3.8 Anomaly Detection
In 8.4, we introduced several new components.
- An anomaly detection engine
- An embedded long-term time-series database
The anomaly detection engine uses machine learning models to identify outliers and unusual behaviors for several metrics. Upon detection of an anomaly, a warning alert is generated.
Awareness of such anomalies identifies early symptoms to emerging issues, allowing you to address them before they become bigger problems. In our implementation, we’re using the popular z-score method to detect anomalies. A z-score measures exactly how many standard deviations above or below the mean a data point is. The system evaluates several metrics based on a week’s worth of data points. Whereas regular issues, the system evaluates 90 minutes’ worth of data points. These data points are stored in the newly embedded time-series database. When a new data point is collected, a z-score is calculated. An alert is generated if the z-score of that data point is greater than 3 (or less than –3). The alert will remain active for 10 minutes. During that time, if no other anomalies are detected, the alert will resolve itself and go into the cooldown state.

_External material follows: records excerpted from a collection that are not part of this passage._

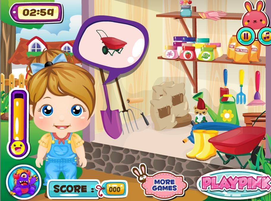 Małolata ma zamiar wybrać się na ogródek i rozpocząć wszelkie wiosenne przekopki. Potowarzysz jej w tej pracy, znajdźcie wszystkie potrzebne przyrządy i wyruszcie na ogródek.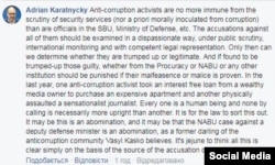Каратницький привернув увагу до скандалів, в яких фігурували активісти: «За останній рік, один з антикорупціонерів взяв безвідсоткову позику від багатого власника ЗМІ, інший фізично напав на сенсаційного журналіста».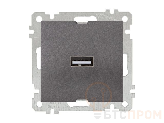 Розетка 1-ая USB (скрытая, без рамки) дымчатая, DARIA, MUTLUSAN (USB-зарядка, 5V-2.1A) 2100 448 0195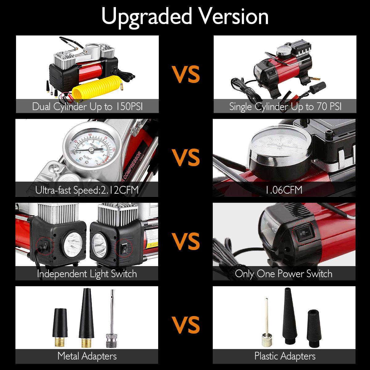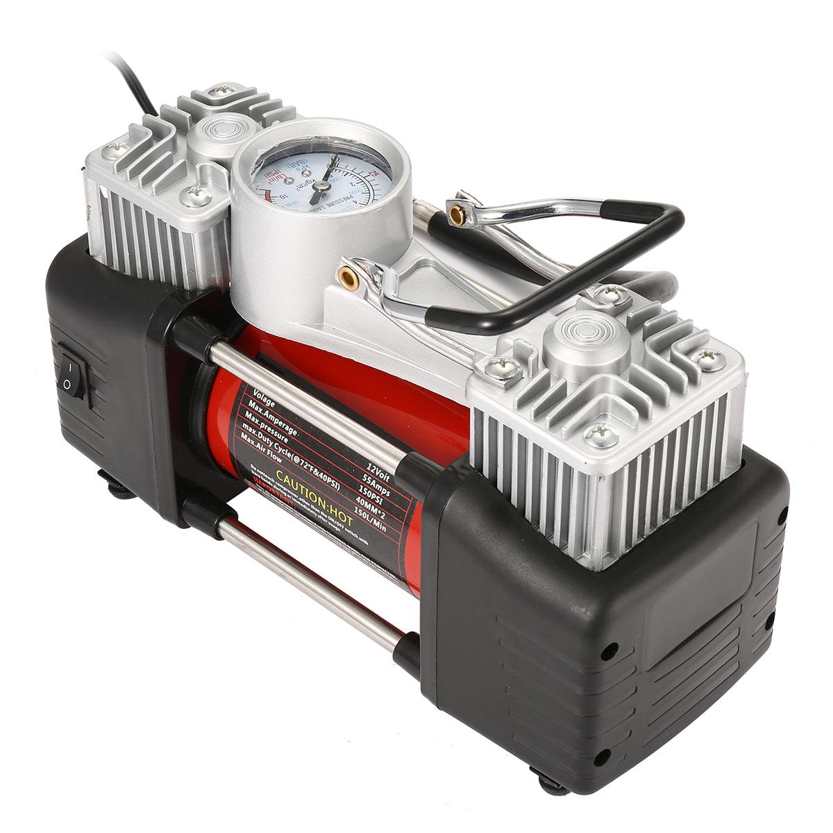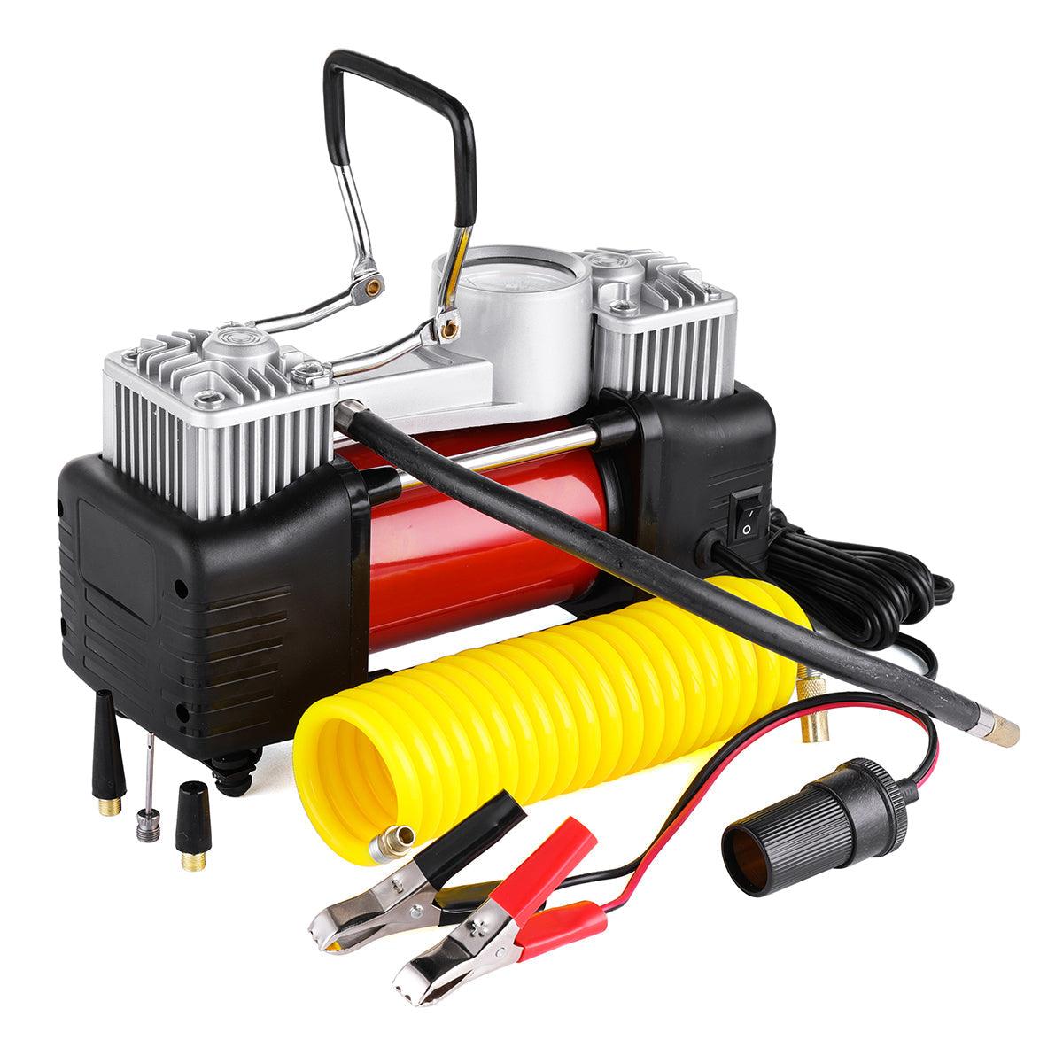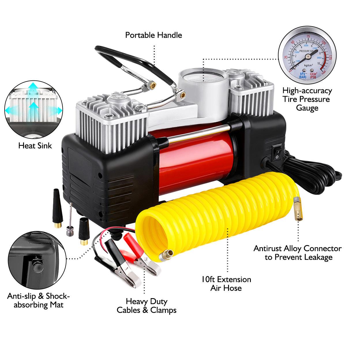 Dual Cylinder Air Compressor Pump, Heavy Duty Portable Air Pump, Auto 12V Tire Inflator for Car, Truck, RV, Bicycle and Other Inflatables
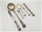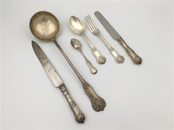 Servizio di posate in argento composto da: diociotto forchette, diciotto coltelli, diciotto cucchiai, diciotto cucchiaini e due posate da portata, cifrate (gr 4770 ca) (difetti)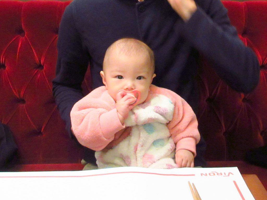 ↑大人の場に参加する0歳児(次期社長?)あかりん。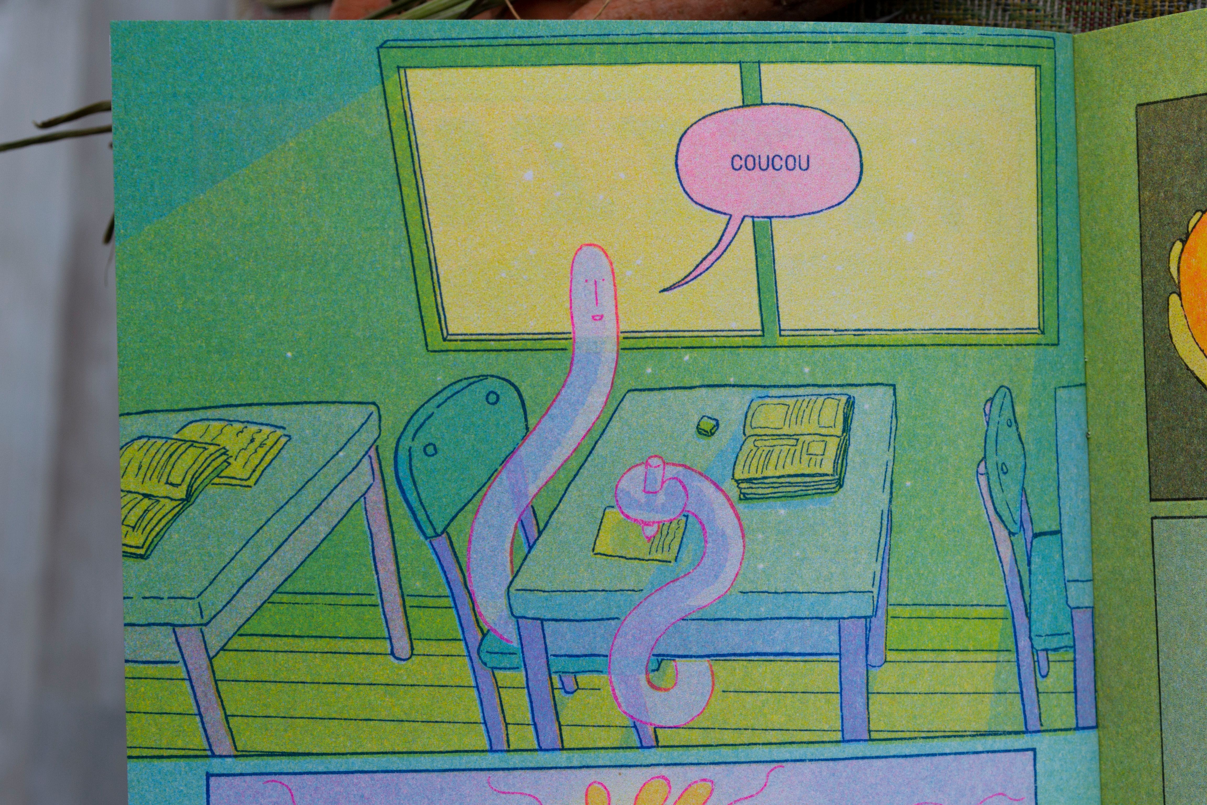 This is a 16 page fanzine printed at @hibouprintclub by @lazer.cao in risographie, 5 coulors. It's in french with a translation in spanish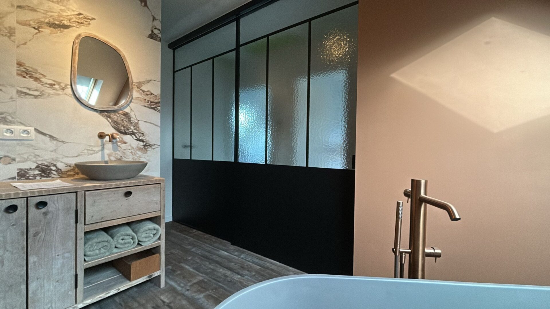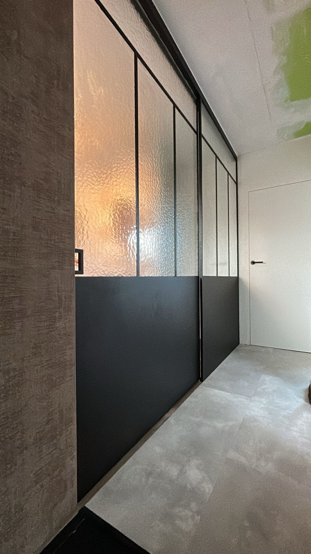 schuifdeur wandmontage met kathedraal glas steellook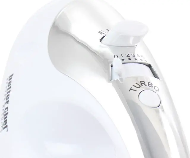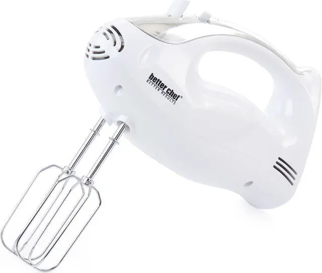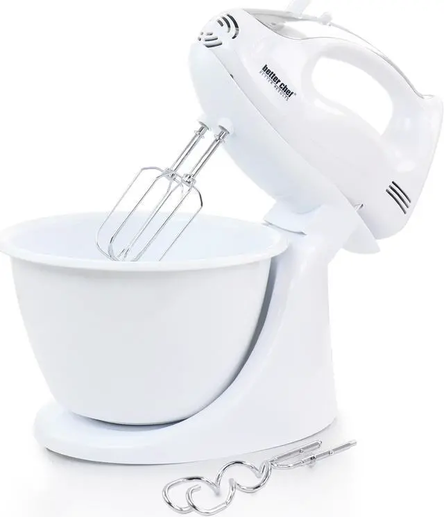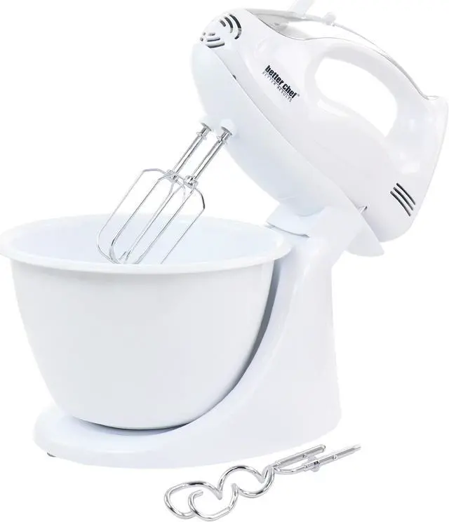 Mix, Blend, Beat and Kneed all with the Better Chef 200 Watt Stand/Hand Mixer in White with Mixing Bowl. Ergonomic handle for one handed operation offers a powerful 200 Watt motor for most of your everyday mixing needs. Ideal for quickly and easily mixing up your favorite cookie dough's, mashed potatoes, bread dough's and so much more. Includes interchangeable beaters and dough hooks and mixer stand with mixing bowl. Dishwasher safe accessories for easy clean up and compact for convenient storage.

If another data point has a z-score greater than 3 (or less than –3), the alert will remain active for another 10 minutes.
Note: By default, the system does not write metrics to the long-term time-series database. In other words, this feature is disabled by default. Please create a ticket. Our support team will work with you to ensure you’ve the resources to support anomaly detection before writing metrics to the long-term time-series database.